3d00fbb1 55               push    ebp

At this point I had second thoughts about breaking on all of the formulas, so I cleared those breakpoints.

0:00> bc *

And I figured that it was pretty likely that Excel would be calling any user-defined-function from the same parent procedure, so I stepped one frame down on the stack.

0:00> .frame 1

The .frame command changes the local context. It’s basically the same as clicking on a higher function in the stack trace in Visual Studio. At that point I saw this in my disassembly window:

3046aaac ff5004      call    dword ptr [eax+0x4]  ; call to UDF
3046aaaf 8b4d14      mov     ecx, [ebp+0x14]      ; return address

The first instruction is the call to the user-defined function. The second is the return address, or the next instruction to be executed when the user-defined function returns.

I was still in the information-gathering stage here, so I decided to just dump out the functions being called here rather than try to really dig into any disassembly where the AV was occurring.

I decided to print out messages on both of these instructions—in other words, before and after every call to a UDF. I did that with two breakpoints:

0:000> bp 3046aaac "dds @eax+4 L1; g"
0:000> bp 3046aaaf ".echo return; g"

Let me point out a few things about these. First, I specified the breakpoint location directly by instruction address, and not using any symbols. Second, let me explain what I mean by dds @eax+4 L1. dds is the display data with symbols command. And as you recall, the instruction we are breaking on is:

call    dword ptr [eax+0x4]

So what I am trying to do here is print out the name of the function being called, if we indeed have the name. If there’s a symbol for (@eax+0x4) when we get here, dds will print it out for us.

After this I hit “go,” and this is what I saw:

00137974  3d00fbb1 ANALYS32!xirr
00137974  3d00fbb1 ANALYS32!xirr
00137780  3d00fbb1 ANALYS32!xirr
00133d58  3d00fbb1 ANALYS32!xirr
00133d58  3d00fbb1 ANALYS32!xirr


Hm, that’s interesting. The XIRR’s by themselves seem to work fine, but we get an AV as soon as the nested XIRR function returns.

At this point I disabled the Analysis Toolpak and opened the worksheet up. Searching through the formulas, I found the XIRR functions that my client was using. I couldn’t figure out how any of them were dependent upon one another, but I did notice that they were all feeding on a TODAY() function. TODAY is what you call a volatile function, and can cause a lot of crazy BS to go down.

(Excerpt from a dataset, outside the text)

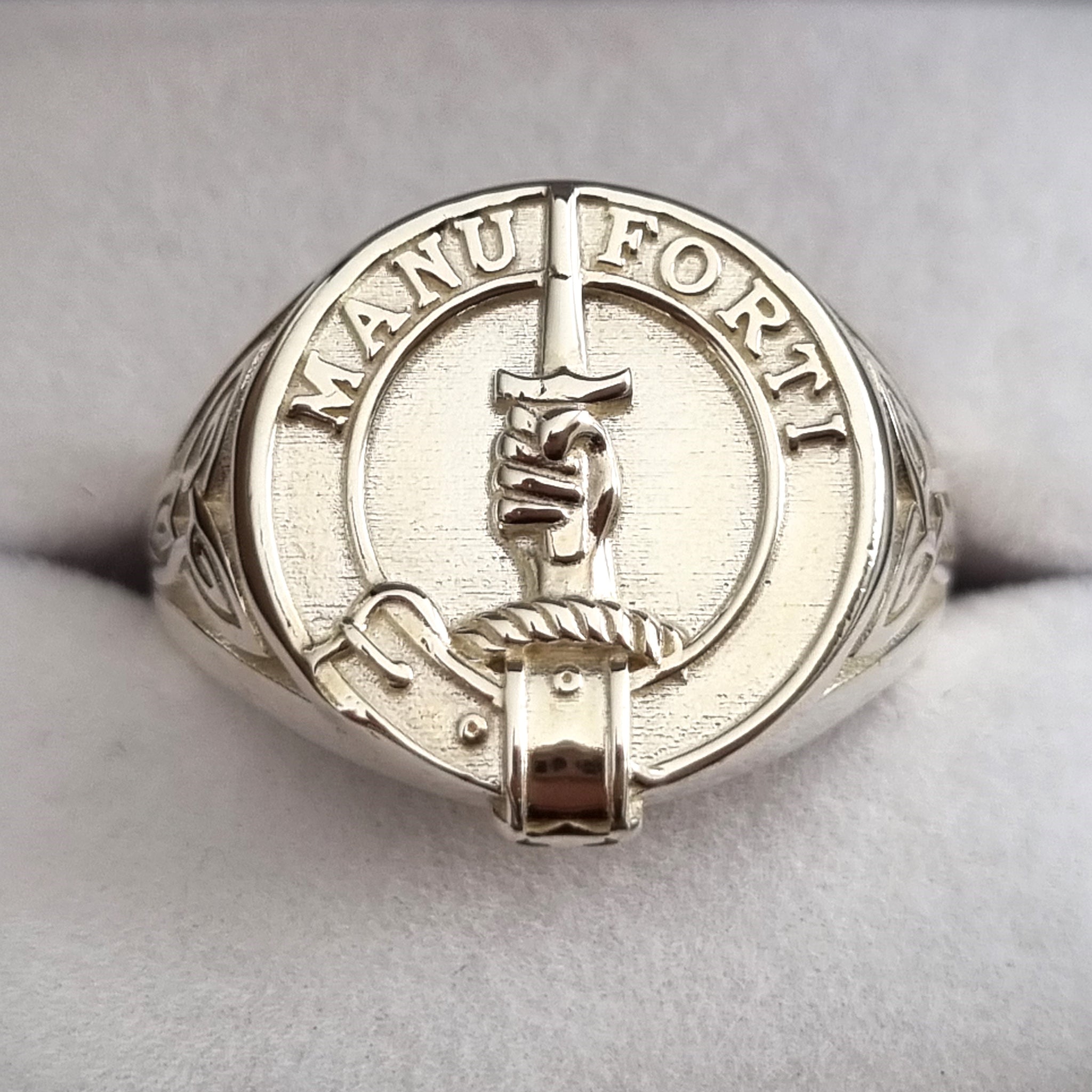 This magnificent Mackay Clan Crest signet ring carries the Mackay Crest of a hand holding a dagger and the proud Mackay clan motto 'MANU FORTI' (With a strong hand). These rings have celtic triquetra designs on the sides and are popular for women and for men's pinkie rings. This ring can be made to order in sterling silver. Gold available on request (POA).

On a hunch, I plugged in a nonvolatile alternative that I had handy in an XLA module. After that, the workbook loaded fine.

So there you have it. Apparently, Excel fails miserably if my add-in loads, there are nested XIRR formulas on a sheet, and they are using the TODAY formula as an input.

I never figured out what the “real” conflict was. It’s not worth the effort and Excel shouldn’t crash, regardless, I told myself.

It’s ironic that I never would have been able to figure this much out if the conflict had been with an XLA add-in or an Automation add-in. Well ok, not never, but I probably would have given up first.